» What is required
Records follow. Print exactly the lines from the one that has "Truck Pup】スライド式手帳型スマホケース ¥1,650(税込)" through the one that has "Camicia Uomo Cotone", inclusive, and omit the pictures.
[[ Data for processing open ]]
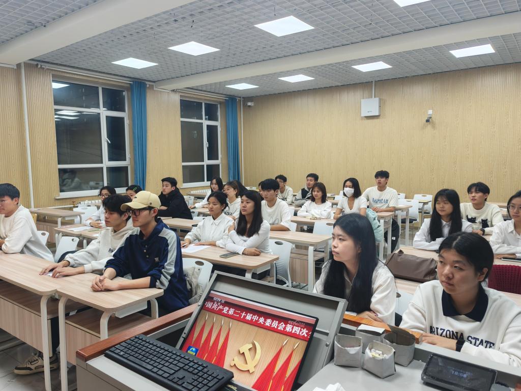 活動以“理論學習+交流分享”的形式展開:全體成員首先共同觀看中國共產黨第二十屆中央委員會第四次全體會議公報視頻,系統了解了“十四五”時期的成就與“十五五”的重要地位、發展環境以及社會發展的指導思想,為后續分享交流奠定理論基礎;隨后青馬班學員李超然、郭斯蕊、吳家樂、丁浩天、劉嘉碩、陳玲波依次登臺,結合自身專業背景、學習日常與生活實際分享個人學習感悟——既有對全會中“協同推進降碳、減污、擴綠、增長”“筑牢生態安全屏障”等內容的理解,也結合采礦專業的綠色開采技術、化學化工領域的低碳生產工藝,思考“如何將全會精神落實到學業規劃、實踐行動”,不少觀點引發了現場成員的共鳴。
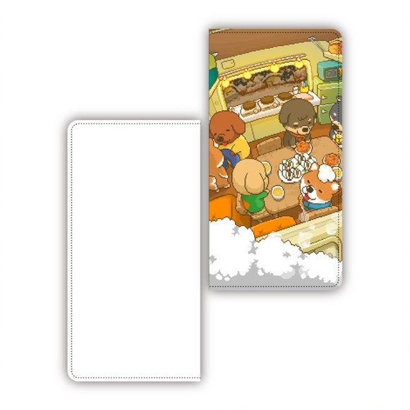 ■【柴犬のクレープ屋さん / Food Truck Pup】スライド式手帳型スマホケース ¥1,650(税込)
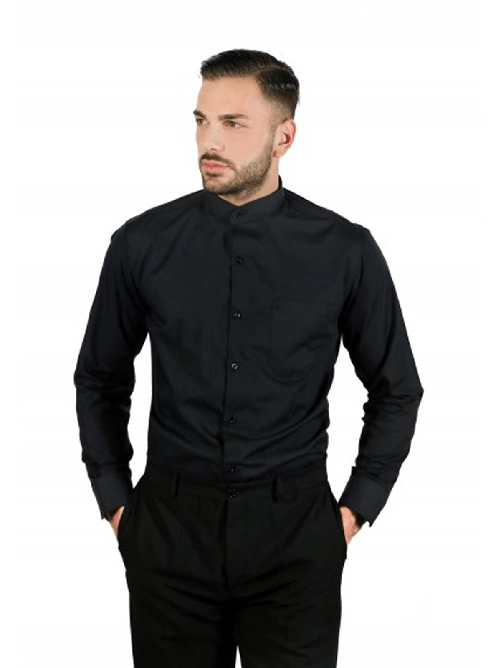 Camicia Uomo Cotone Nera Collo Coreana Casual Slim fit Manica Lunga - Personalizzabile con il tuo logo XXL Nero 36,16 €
[[ Data for processing closed ]]
[[ Data for processing open ]]
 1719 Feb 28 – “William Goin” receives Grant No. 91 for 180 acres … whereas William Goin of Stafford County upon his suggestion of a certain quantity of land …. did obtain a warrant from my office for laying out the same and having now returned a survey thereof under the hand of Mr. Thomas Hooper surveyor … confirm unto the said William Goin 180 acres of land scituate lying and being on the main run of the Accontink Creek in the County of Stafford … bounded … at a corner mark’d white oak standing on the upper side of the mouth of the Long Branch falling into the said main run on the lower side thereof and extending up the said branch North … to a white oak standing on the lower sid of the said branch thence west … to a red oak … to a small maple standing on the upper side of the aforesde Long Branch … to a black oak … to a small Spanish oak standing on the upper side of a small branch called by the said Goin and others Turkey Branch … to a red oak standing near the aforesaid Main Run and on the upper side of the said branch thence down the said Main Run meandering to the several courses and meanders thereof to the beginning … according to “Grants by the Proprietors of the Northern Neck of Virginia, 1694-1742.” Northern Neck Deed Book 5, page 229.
[[ Data for processing closed ]]
» Task solution
 ■【柴犬のクレープ屋さん / Food Truck Pup】スライド式手帳型スマホケース ¥1,650(税込)
 Camicia Uomo Cotone Nera Collo Coreana Casual Slim fit Manica Lunga - Personalizzabile con il tuo logo XXL Nero 36,16 €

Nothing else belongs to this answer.